Tuesday, July 1, 2008

Hudson's Geese: Reprise (Poem)

Some time ago I read a poem titled "Hudson's Geese" by Leslie Norris (I've pasted it below and included here links to two other of his poems, "Bridal Veil Falls, Early Winter" and "A Blade of Grass"), a renowned Welsh poet who came as visiting poet to BYU a number of years ago and never left. He died on April 6, 2006, but lived an astonishing life, as a Deseret News article of the same title claims. I was deeply touched by his poem and thought of it's reflection of human love when Sidney, Ali, and I were visiting the duck pond on Weber State's campus a couple of years ago. Watching two geese land in the water then take off again, I wrote the first lines of my poem, "Hudson's Geese: Reprise," which I dedicated to Leslie (even though I never met him) and which was published in Irreantum in 2006. Following is our dialogue, beginning with his lines and concluding with my response:


Hudson's Geese
by Leslie Norris

Hudson tells us of them,
the two migrating geese,
she hurt in the wing
indomitably walking
the length of a continent,
and he wheeling above
calling his distress.
They could not have lived.
Already I see her wing
scraped past the bone
as she drags it through rubble.
A fox, maybe, took her
in his snap jaws.
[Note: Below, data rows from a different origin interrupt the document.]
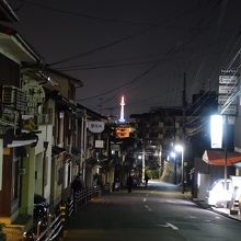 清水寺の「夜の特別拝観」を終えて、清水坂を下り、五条坂に入ると正面に京都タワーが現れます。写真で見ると小さくしか見えませんが、しっかりと存在感のある姿でした。
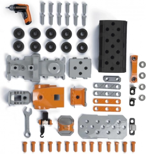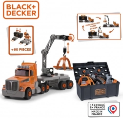 Dieser robuste LKW in den ikonischen BLACK+DECKER-Farben verbirgt im Anhänger einen praktischen Aufbewahrungskoffer mit Griff, der sämtliches Werkzeug übersichtlich zusammenhält. Kinder werden die realistische Kinderbohrmaschine und das umfangreiche Set an Aufsätzen und Bauteilen lieben.
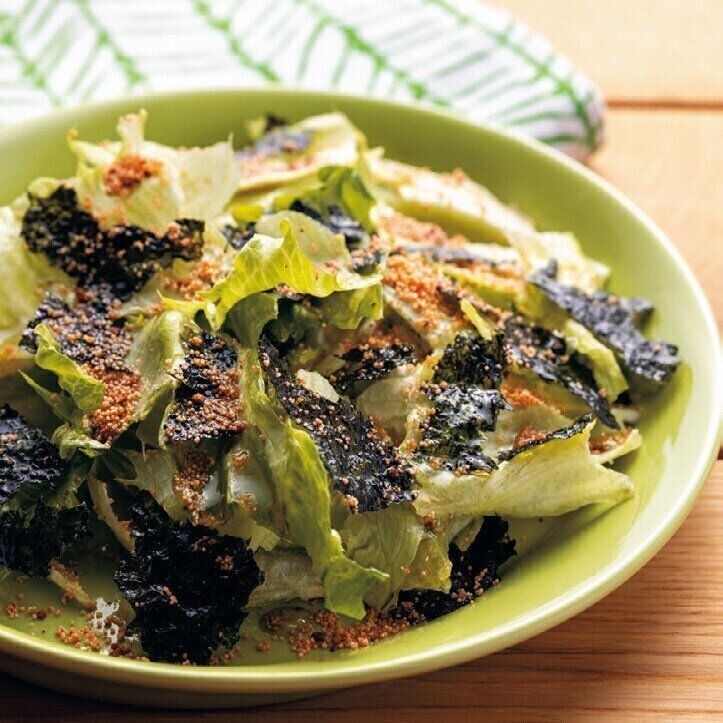 ちぎったレタスを韓国のり、ごま油、「めんたい粉」であえればピリ辛サラダに。かねふくのめんたいこを常温で常備できるのが◎。
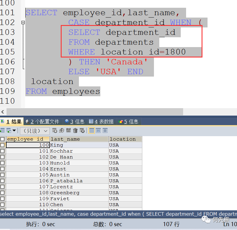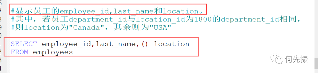 显示员工的employee_id,last_name和location。其中,若员工department_id与location_id为1800的department_id相同,则location为"Canada",其余则为"USA"
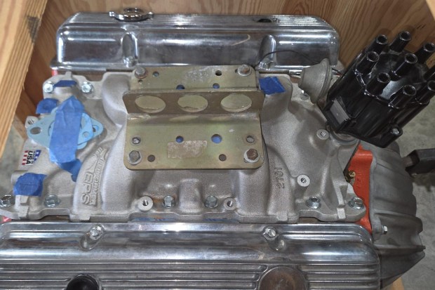 The seller notes that the engine has 186 cylinder heads and an 8″ harmonic balancer. It is fitted with an Edelbrock Performer EPS intake manifold and a modern distributor.
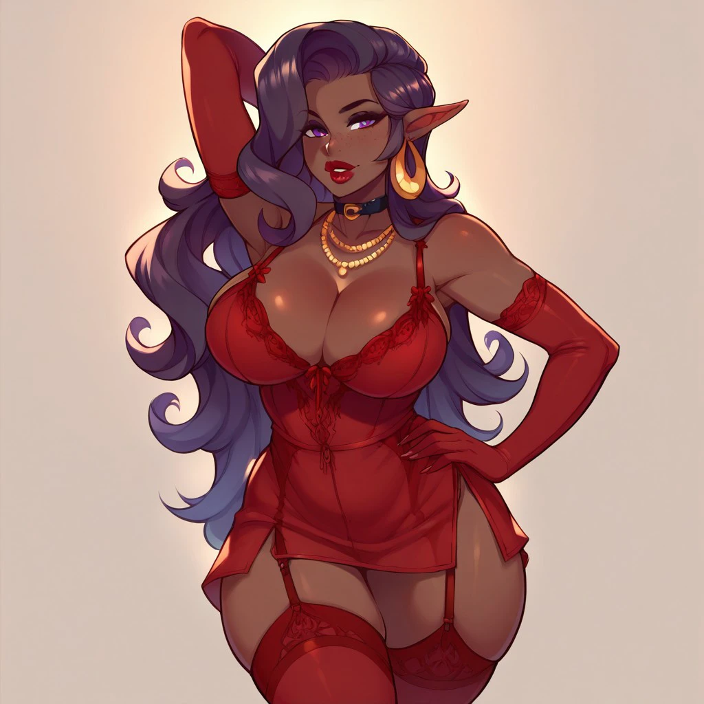 vanessa, dark skin, pointy ears, jewelry, long purple hair, purple eyes, red lips
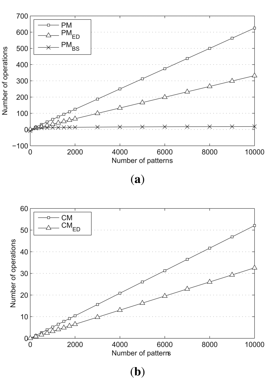 The average number of operations for PM, PMED and PMBS are compared in Figure 6a, and the average number of operations for CM and for CMED are presented in Figure 6b. The size of the scan window and the prefix block are both set to two, and the number of characters is set to four. PMED and CMED reduce the number of required operations by nearly half. Moreover, PMBS shows very stable results, even when the number of patterns increases.
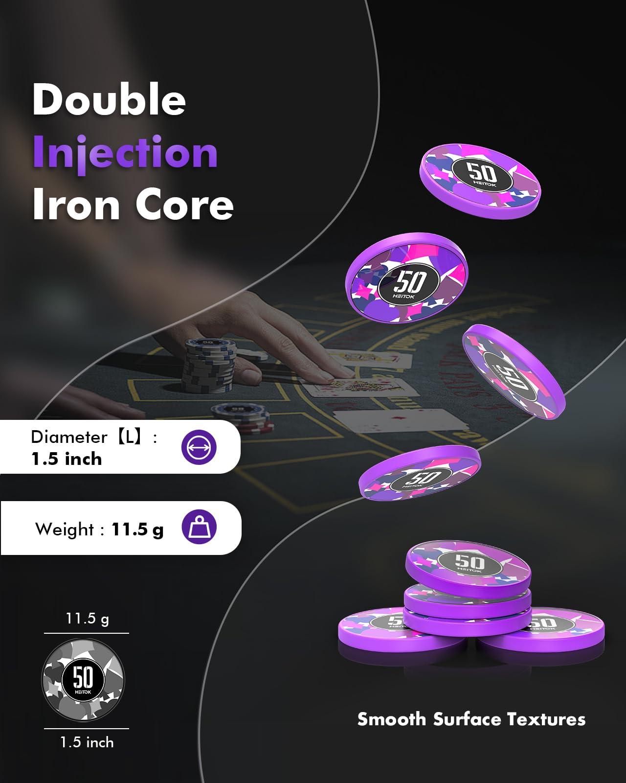 Each chips is 11.5g weighted, 1.5" diameter, 1/8" thick chips. Each piece meticulously weighted to replicate the distinctive feel of casino-grade chips.
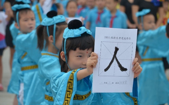 新生開筆禮書寫“人”字
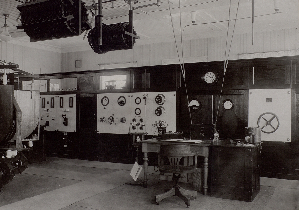 Karlsborg. Interiör med 10 kW rörsändare och den gamla 50 kW gnistsändaren (från 1916) .
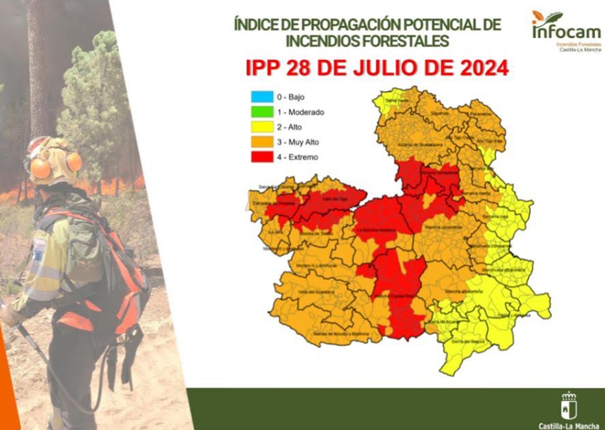 Índice de Propagación Potencial de Incendios Forestales para este 28 de julio en la región
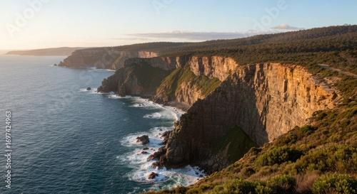 Coastal cliffs and ocean meet; sunset paints the rocks
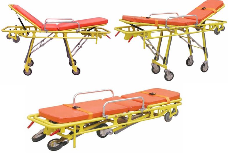 This ambulance stretcher is our new designed product; it is made of steel. The ambulance stretcher' surface is made of foamed cushion and the adjustable back, making the wounded feel comfortable. The ambulance stretcher is very convenient; one person is enough to send the patient (with this stretcher) to the ambulance car. The mechanical foldaway legs are controlled by the handles on one end of the stretcher. And the legs can be folded under the stretcher automatically when loading into the vehicle. Also the ambulance stretcher can be locked by the fixing devices when on the ambulance car. This ambulance stretcher is characterized by its durable, safe usage and easy for sterilization.
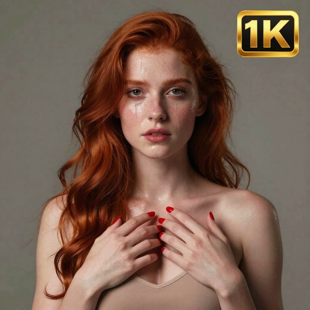 RAW photograph, best quality, masterpiece, an extremely delicate and beautiful, extremely detailed, CG, unity, 8k wallpaper, Amazing detailed, finely detailed, official art, extremely detailed CG unity 8k wallpaper, ultra-detailed, highres, clear, focused, (best quality), (realistic, photo-realistic:1.6), 8k, soft lighting, high quality, cinematic lighting, 1girl, centered, full body, redhead, red hair, (sweat:1), perfect fingers, red nails, long hair
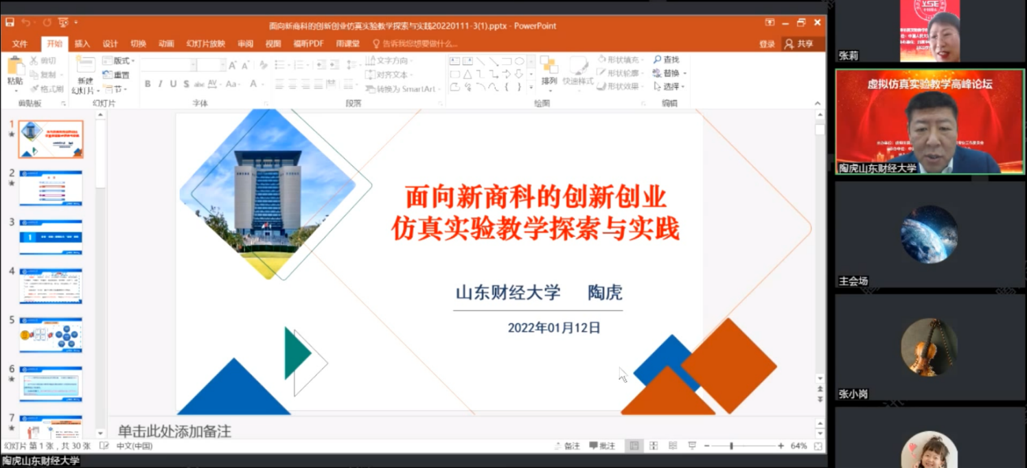 2022年1月12日,全国虚拟仿真实验教学创新联盟经济管理类专业工作委员会成立暨第一次工作会议以线上线下结合的方式成功召开。本次会议由联盟经济管理类专业工作委员会主办,中国人民大学经济与管理实验教学中心承办,150所高校和相关研究机构、企业的近220人线上线下参会。我校为首届经济管理类专业工作委员会会员单位,中心主任丛建阁教授出任该委员会委员,副校长陶虎受邀作了题为《面向新商科的创新创业仿真实验教学探索与实践》主题报告。中心李斌副主任和学院部分实验教师等人员线上参加了会议。
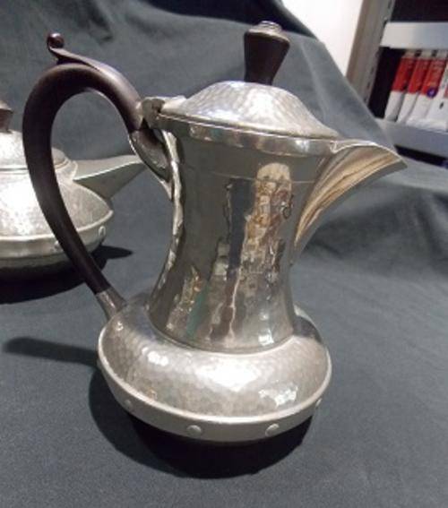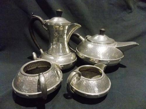 This is a beautiful vintage hammered pewter coffee and tea set with four pieces. There is the tall coffee pot, a short and fat tea pot, sugar bowl and milk jug. It was made in the Sheffield area in England where most of the top class pewter is made. To all prospective buyers out there, please remember there is lead in pewter, so please do not use this set, it is for display purposes only. Please ask about postage and courier.
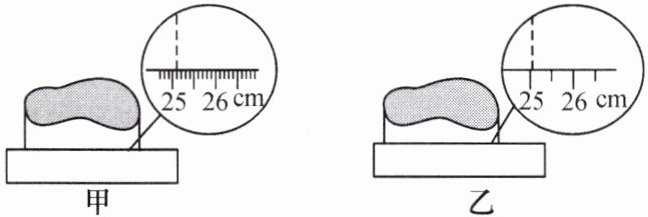 11. 通常情况下,人站立时的身高是脚长的7倍,如图是小明用两把分度值不同的刻度尺测出自己脚长的图片。
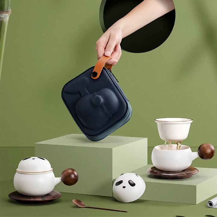 Gift for panda lovers | ceramic mug with wood handle and saucer
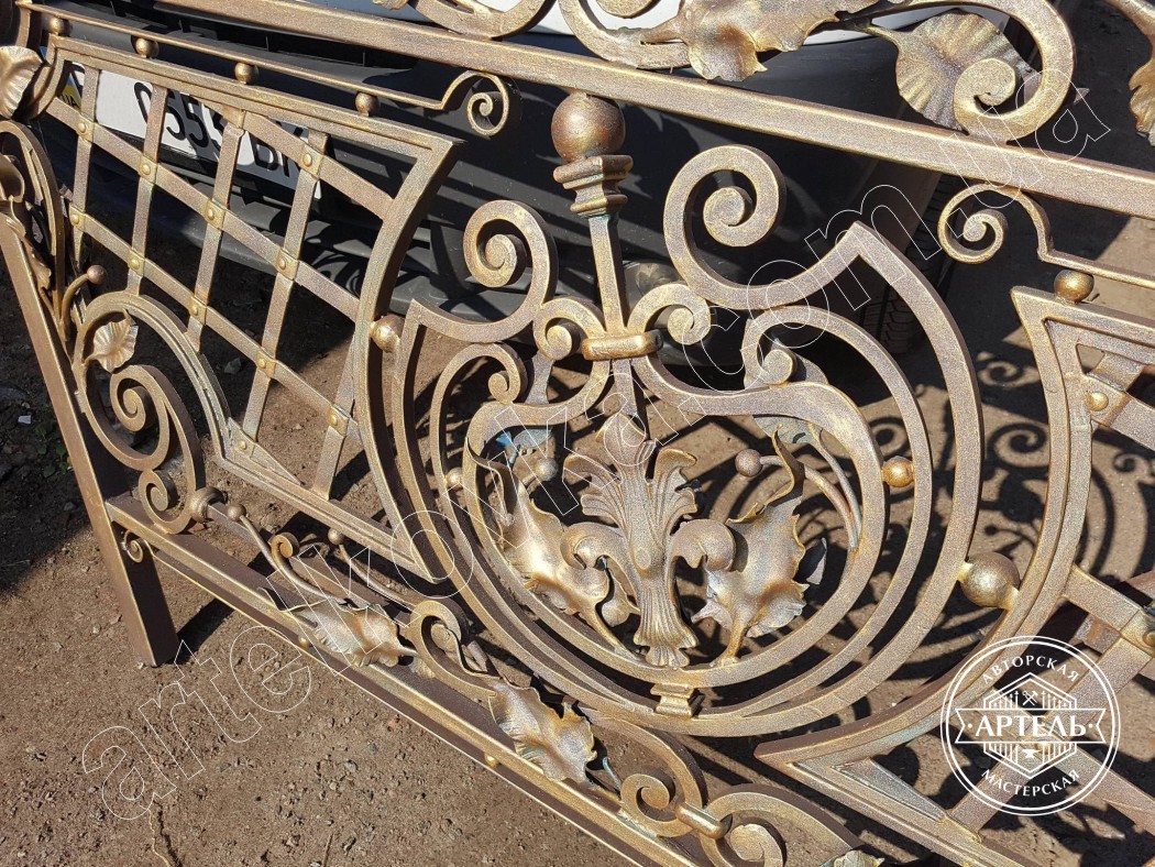 Так же на объекте были установлены кованые перила. Заказать кованые перила заказчик захотел после монтажа кованых ворот. Перед изготовлением был долгий этап проектирования и согласования кованых перил. Наши дизайнеры предлагали различные варианты перил, но заказчик настоял на своем варианте. Мы спроектировали 3d модель, обсудили все размеры, изготовили и установили кованые перила террасы и лестницы. После кузнечных и слесарно-сварочных работ кованые перила были зачищены, поцинкованы и покрашены краской для кованых изделий коричневого цвета. После покраски перил кованые элементы и листья дополнительно были покрыты патиной (зелень, бронза, золото).
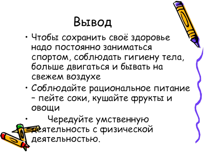 Чтобы сохранить своё здоровье надо постоянно заниматься спортом, соблюдать гигиену тела,
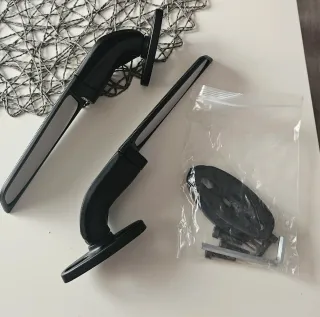 Par de espejos retrovisores negros para moto Kawasaki Ninja. Incluyen kit de montaje. - Diseño deportivo. - Acabado en negro mate. - Incluye tornillería y llave Allen.
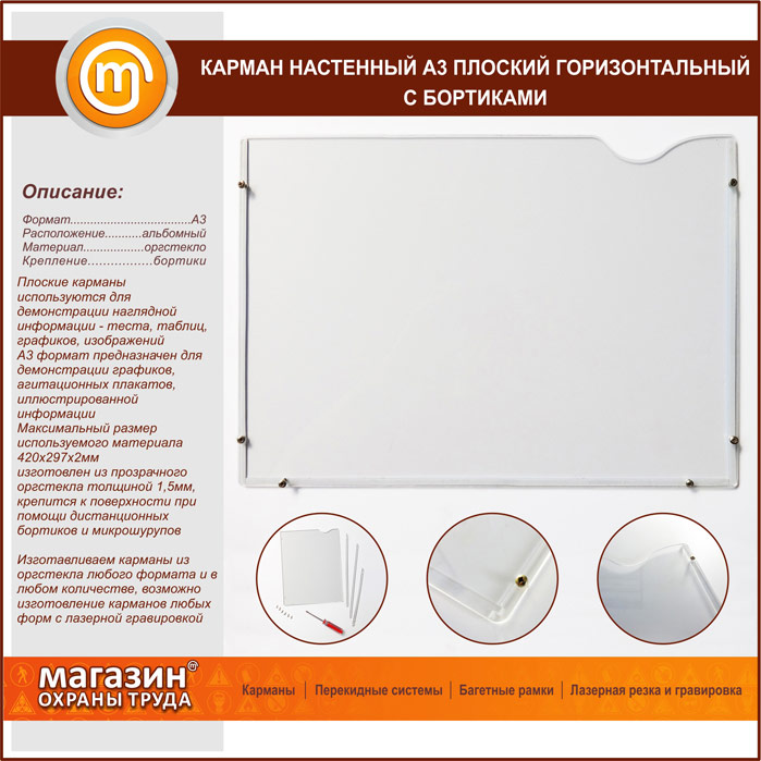 Карман настенный А3 плоский горизонтальный с бортиками в Москве купить
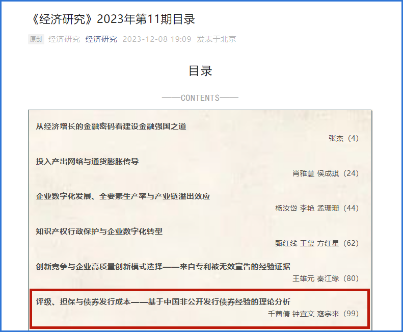 上述研究成果近期以《评级、担保与债券发行成本—基于中国非公开发行债券经验的理论分析》为题发表在我国经济学顶级期刊《经济研究》上,千茜倩是第一作者,西安交通大学经济与金融学院是第一署名单位。
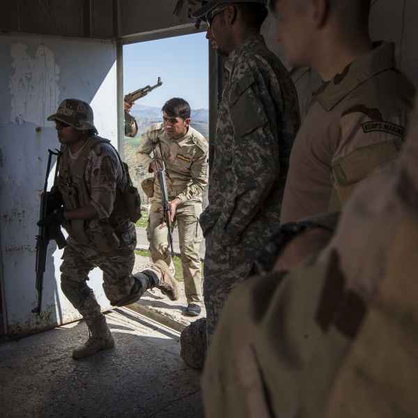 Mariniers verzorgen een Basic Infantry Skills Course voor Peshmarga’s in Noord-Irak (2015). Militairen moeten zich ervan bewust zijn dat tegenstanders er uit kunnen zien als beschermde burgers en zich onder de bevolking verschuilen. Foto MCD, S. Hilckmann
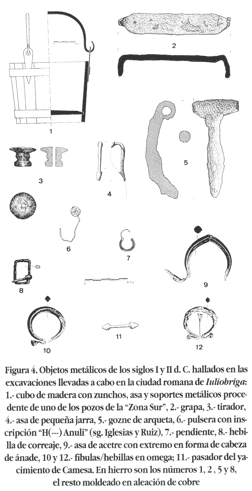 Aparte hay constancia fehaciente de un sinfín de objetos muy diversos de carácter civil. representando a una variada gama de actividades que nada tiene que ver con la guerra, cuyos restos hemos hallado va sea de forma completa o testimonialmente por algún fragmento. Así, y desde instrumentos de uso personal (limpiauñas, strígiles...) hasta adornos para arneses de los caballos, ornato personal (anillos, pulseras, fíbulas...) O bien herramientas para los oficios que la legión debía llevar a cabo como pueden ser la agricultura, ganadería, albañilería, cantería, carpintería, cocina. caza, pesca, etc. (Fernández Ibáñez, 1992;1994).
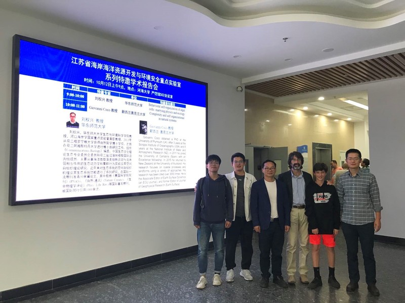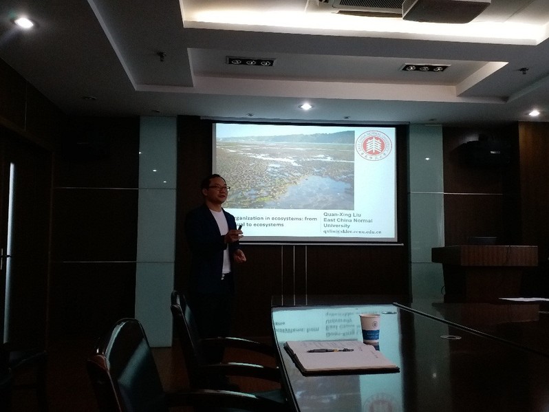2019年10月12日上午,华东师范大学刘权兴教授与奥克兰大学Giovanni Coco教授在严恺馆502分别作了题为“self-organization in ecosystems: from individual to ecosystems”和“Complexity, Self-Organization and Pattern Formation: mixed sediments”的学术报告,围绕生态系统自组织这一个研究领域,从模型原理、水动力因素与生物量的互馈机制等方面展开了详细的阐述。
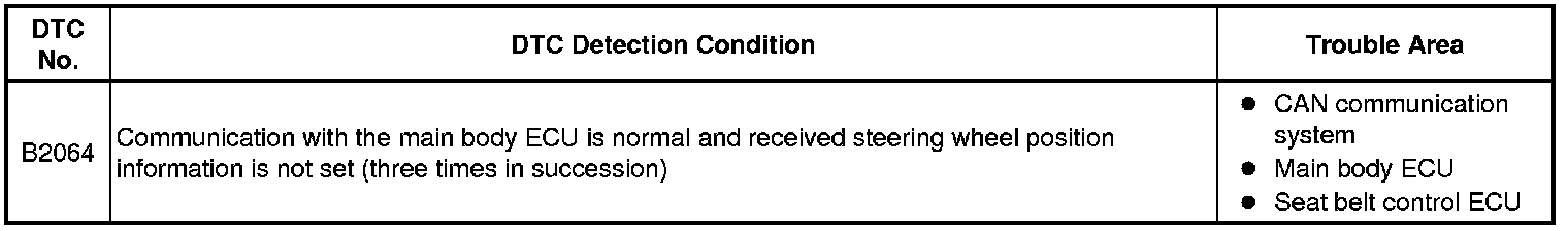 DTC B2064 is stored when the CAN communication frame with the main body ECU is normal and communication is available, but the steering wheel position information is not set or varies.
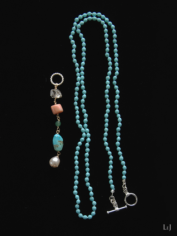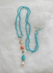 素材:アリゾナターコイズ・ピンクコーラルタンブル(ナチュラル)・あこやパール・グリーンクオーツファセッテドラウンド・ハーキマーカットクオーツ・ブルーマグネサイトファセッテドラウンド・K14ゴールドフィルド・シルバー925・メタル・シルク糸

And what
would he do, the point
of his circling gone?
The wilderness of his cry
falling through an air
turned instantly to winter
would warn the guns of him.
If a fowler dropped him,
let it have been quick,
pellets hitting brain
and heart so his weight
came down senseless,
and nothing but his body
to enter the dog's mouth.

****

Hudson’s Geese: Reprise
(For Leslie Norris)
by Tyler Chadwick

Day’s last reflections
catch on wind-swept ripples
as two geese throw shadows
across watered silence.
Embraced by echoes,
each circles the other.
Tracing this current,
I watch Hudson’s pair
venturing back
across the continent:
Her wings bear no scars
of hapless encounter
with fox or wolf or man;
his body carries
no hunter’s spray,
the lead that felled him
to the dogs. They bask
in this dusking plane,
watching the horizon
gather them, leaving
phantom indentations
in the eyes of those who
understood their love.

Published in Irreantum: A Review of Mormon Literature and Film 8:1 (2006), 98.